Ansonsten muss ich mich eh wieder melden.
danke tuor


----------



## Sinac (30. September 2003)

Ok, viel Spaß mit Linux =)


----------



## tuor (30. September 2003)

ich glaub ich binn zu dumm ich krigs nicht hin....


----------



## Sinac (30. September 2003)

Was kriegste nicht hin?
Beschreib mal etwas genauer was du machst und wo das Problem liegt, das ists leichter dir zu helfen


----------



## tuor (30. September 2003)

ich weis eben nicht genau wo das problem liegt...
Ich hab überall die geforderten datten angegeben und ich weis aber nicht ob ich das richtig gemacht hab zb:
wenn steht telefonnummer bei der providerkonfiguration nehm ich aml an da is die einwahlnummer gefragt muss ich die jetzt mit weltweiter Vorwahl also 0043 für österreich eingeben oder ohne. Oder villeicht mit +43 (wobei ich aber in dem feld kein + eingeben kann. 
Die verbindung wird sogat lat grafik und status hergestellt nur bekomme ich im browser keine websiten rein und es icq geht auch net....

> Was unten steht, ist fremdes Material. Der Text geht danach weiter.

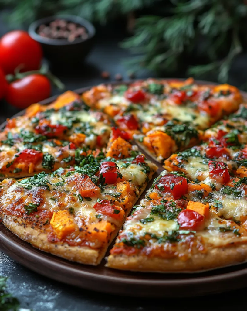 Pizza mal anders! Diese Süßkartoffel-Pizza vereint die herrliche Süße der Süßkartoffel mit herzhaften Belägen wie Tomatensoße, frischem Gemüse und geschmolzenem veganem Käse. Das Besondere? Der Boden wird aus einer Mischung von Süßkartoffeln und Hafermehl zubereitet – eine glutenfreie und nährstoffreiche Alternative zum klassischen Pizzateig.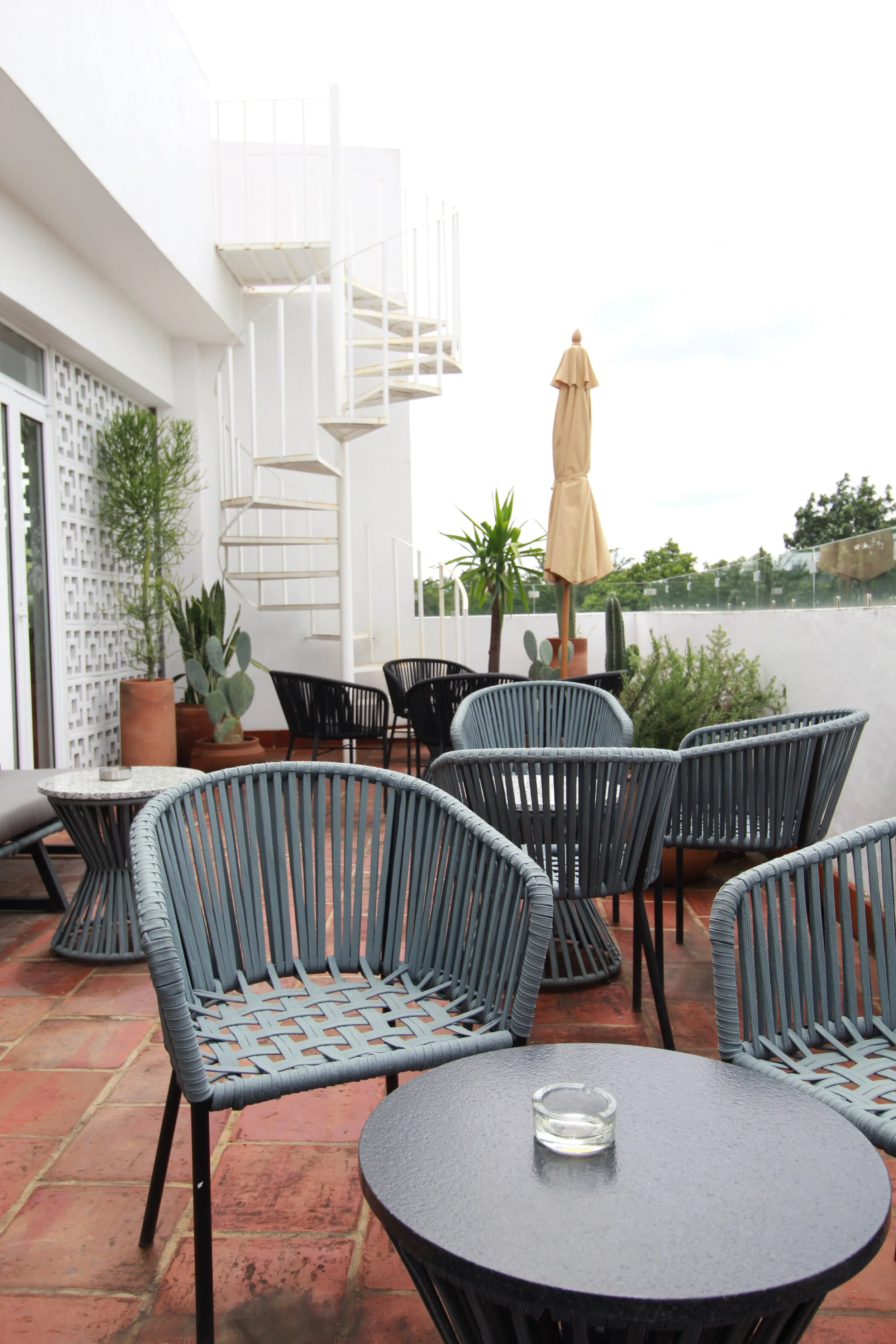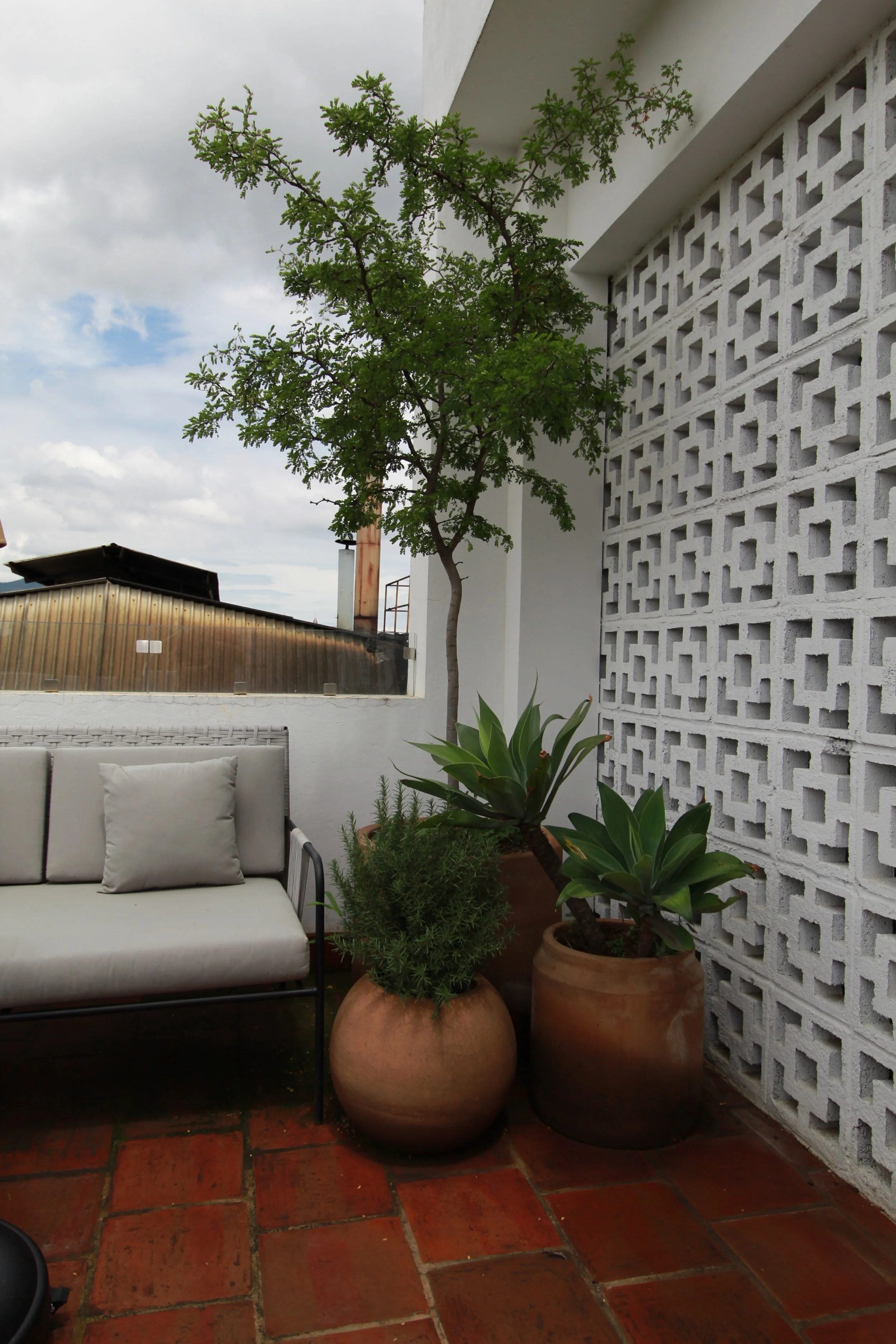 Con una doble altura que nos beneficia para la cava, logra auxiliarnos para elevar el bar ubicándolo en un 3er nivel, apoyando una escalera en el exterior para un mirador contemplativo, donde se puede observar parte del municipio, algunas de sus viejas haciendas y el paisaje agavero.

Ich bräuchte einfach eine Anleitung was ich wo wie eingaben muss um eine verbindung herzustellen oder zumindest eine site wo das beschrieben wird.
mfg amroth


----------



## JoelH (30. September 2003)

*hmm,*

wenn der sagt dass eine Anwahl gelungen sit stimmt das meist auch. Wähl dich mal ein und wenn die Verbindugn da ist mach ne Konsole auf und gib ifconfig ein. Dann sollten da eine ppp0 Verbindung stehen. Ich glaub du hast keine DNS Server eingetragen. Darum findet der Browser auch keine Webseiten, weil er nicht weiss wo er nachfragen soll.


----------



## tuor (30. September 2003)

die dns server sin das wo ich eingeben mus erstens:           zweitens:           
oder?
was mus ich da eingeben?
--------------------------edit--------------------------
und wenn ich auf  'verbindung prüfen' geh kommt:
Kann Datei `/proc/net/route/' nicht lesen: Erfolg
sagt das was?


----------



## Sinac (30. September 2003)

Wenn die einwahl klappt bekommt er ja nen DNS zugewiesen....
mach das ma mit ifconfig und poste das ergebniss.
Kannste denn z.B. den google server anpingen?
also
ping http://www.google.de

wegen der Nummer:
Wenn du ne Lokale einwahlnummer hast muss natürlich die Ortsvorwahl dazu, aber die Länderkennung nich.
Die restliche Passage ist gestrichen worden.